The post-pandemic reset of the workplace gives us a great chance to abandon outdated working practices and revolutionise how we work, writes Gary Bolles.

As we emerge from the global pandemic into what is likely the next industrial revolution, it's clear that our workplaces haven't fully recovered from the first. Humans are not machines, and shouldn't be treated as such. Yet the pre-pandemic modern workplace had numerous holdover practices from the factories of Olde England, and by far the most prevalent was the persistence of the toxic manager.

In the UK alone, nearly two million people have left their jobs since the first wave of the pandemic, with many citing a rotten manager and an unfriendly workplace as their main motivation. In fact, in GoodHire's recent Horrible Bosses survey, 83 per cent said they'd be just fine without a manager, and about the same percentage said they might quit simply because of a bad manager. And a CultureX study illustrated how managers can be a primary source of toxicity in the workplace – and a toxic corporate culture is the number one cause of employee attrition.

We have a historic opportunity to rebuild workplace culture. It's time to scrap the rigid, top-down hierarchy that has plagued organisations since the first industrial revolution. As many around the world start envisioning the post-pandemic workplace, we must adopt a fluid, horizontal 'network' style of managing that can help to attract and retain workers, and finally build a human-centric work environment that is fit for the 21st century.

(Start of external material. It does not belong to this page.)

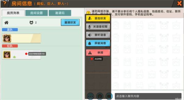 2、在房间信息左侧玩家列表中,找到作弊玩家后点击信息方块,然后点击进行【举报】。

In every era, there have been rules defining when, where, why, how, and with whom we work. Industrial-age workers were expected to endure long hours in dirty and dangerous conditions, often for very little pay. People were invariably treated like the machines they tended. They took orders from foremen, floor managers, and shift supervisors in a top-down hierarchical structure, and those shop bosses doled out good shifts and back-breaking work in their fiefdoms as they saw fit.

This employee-as-asset mindset has permeated much of work today. Few organisations had pre-pandemic work-from-home policies simply due to a lack of trust by managers, resulting in "management by surveillance": if you can't see someone working, they must not be. Though many of us have for years urged systemic changes to make companies both more inclusive and competitive in the information age, those who led organisations felt little urgency to implement more human-centric policies. Then along came a virus.

In response to the Great Reset of the global pandemic, layoffs in the UK reached unprecedented levels overnight, with 7.6 million jobs being put at risk as a result of the pandemic. That was followed by more people re-joining the workforce faster than during any recession in modern history, with unemployment dropping to 4.1 per cent. There has never been such a seismic shift in such a short period of time in the history of modern work in the UK. But that also created a dramatic mismatch, with vacancies rising to a record level of 1,172,000 between August and October 2021.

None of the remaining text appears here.